SuDiSEEP

Sustainable and digital supply chain transformations in emerging economies: The case of Pakistan (SuDiSEEP)

The simultaneous transformation of supply chain (SC) driven by sustainability demands and enabled by technology advancements poses multiple challenges for firms. The rise of different digital technologies is changing markets and SCs allowing new actors to emerge and challenging conventional processes. This intersection is increasingly explored in recent years, while affecting all sizes of companies as much as single entrepreneurs. It drives a multitude of research needs, which are only rarely explored in emerging economies so far. Pakistan offers an interesting, almost ideal empirical context for conducting related research. It has a comparatively young population which has a high degree of affinity to technological change, while not yet being saturated.
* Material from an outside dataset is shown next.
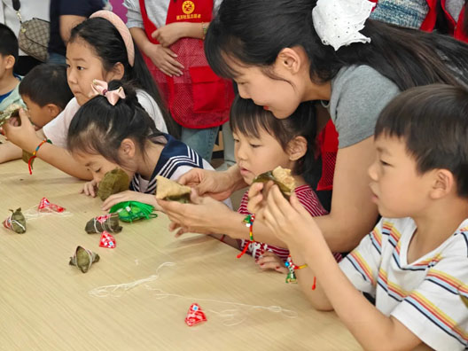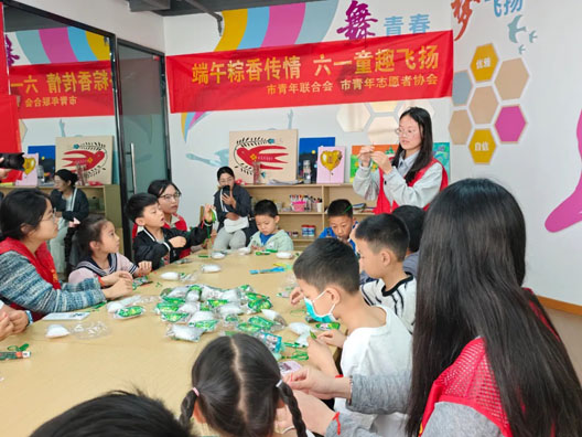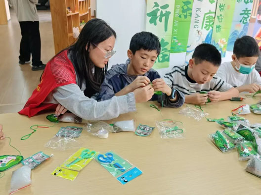 活动现场,青年志愿者为孩子们佩戴上五彩绳,与孩子们围坐在一起包粽子,捋粽叶,做成漏斗状,填糯米、压紧实、封口、扎捆。在志愿者的耐心指导下,孩子们手中一个个形态各异的粽子逐渐成形。看到自己的劳动成果,大家脸上洋溢着满满的成就感。活动现场,设置手工制作粽子香囊区域,孩子们充分发挥想象力,用一针一线缝制出小巧可爱的香囊,填充上芬芳的香料,一个个精美的粽子香囊便制作完成。活动中,青年志愿者通过生动有趣的讲解,向孩子们讲述端午节的由来、习俗,让传统文化的种子在孩子们心中生根发芽。当孩子们吃上自己亲手包的粽子,佩戴着自己制作的粽子香囊时,开心之情溢于言表,现场欢声笑语不断。
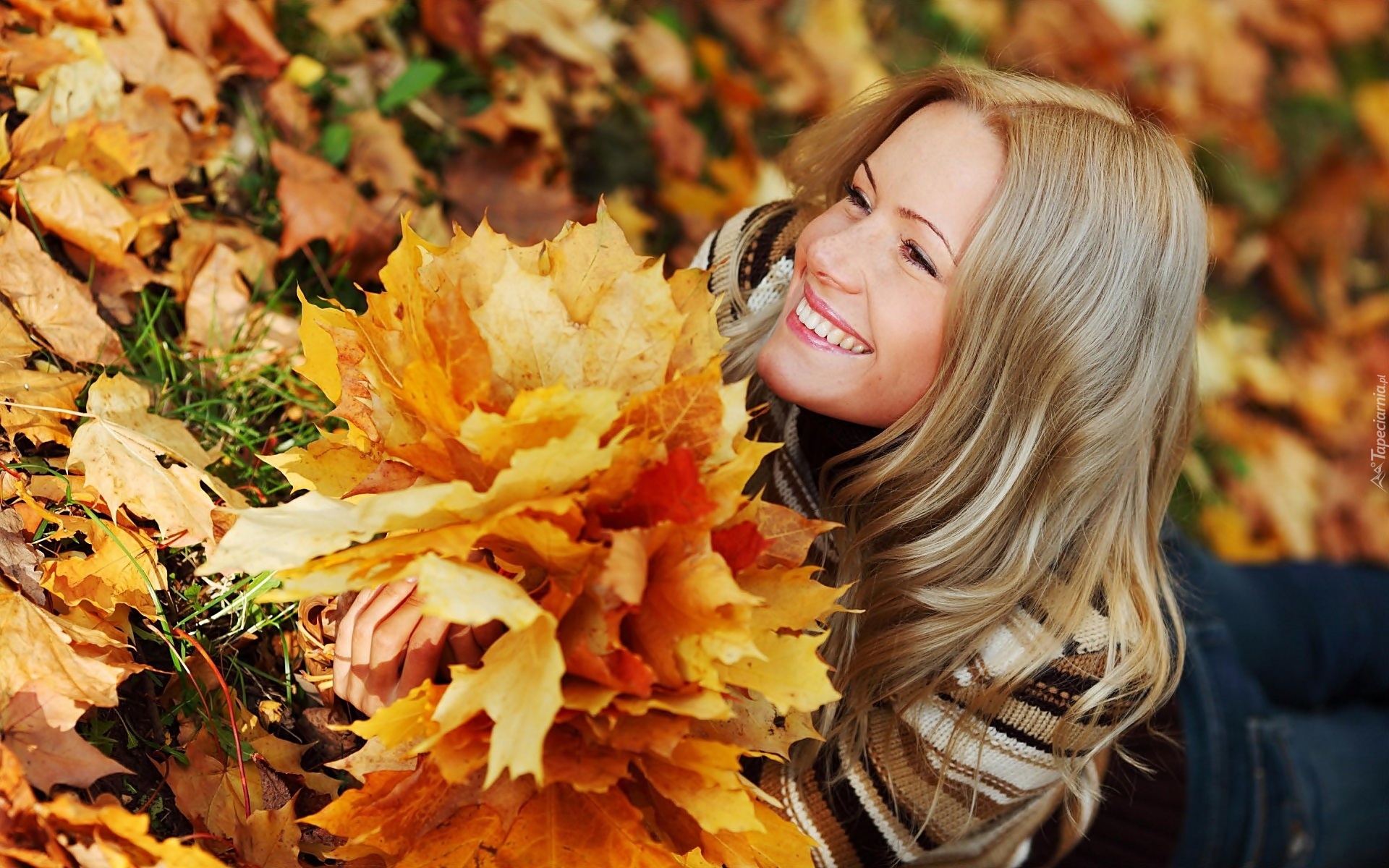 Edytor tapety: Jesień, Uśmiechnięta, Dziewczyna, Liście

There are different aspects of particular relevance, such as how technology is adopted, a topic where individual and corporate actions largely overlap. Building on the universal technology acceptance and use of technology model, which is frequently applied on an individual level, the research question arises, how technology adoption in manufacturing and/or service industry in Pakistan would take place and can be studied. This is linked to the social networks people and companies operate in, so this approach provides a second theoretical stream, as technological and sustainable transformation requires that several actors in a SC would interact and exchange information, money and materials or goods. A third related theoretical input will be taken from adaptive structuration theory.

These theoretical foundations will be combined with a range of different methods of empirical data collection and analysis. The range of data collection methods will comprise interviews with managers, in-depth case studies and survey data, which will then be analysed employing respective research instruments, such as transcription, content analysis, but also statistical techniques as appropriate for the set of data.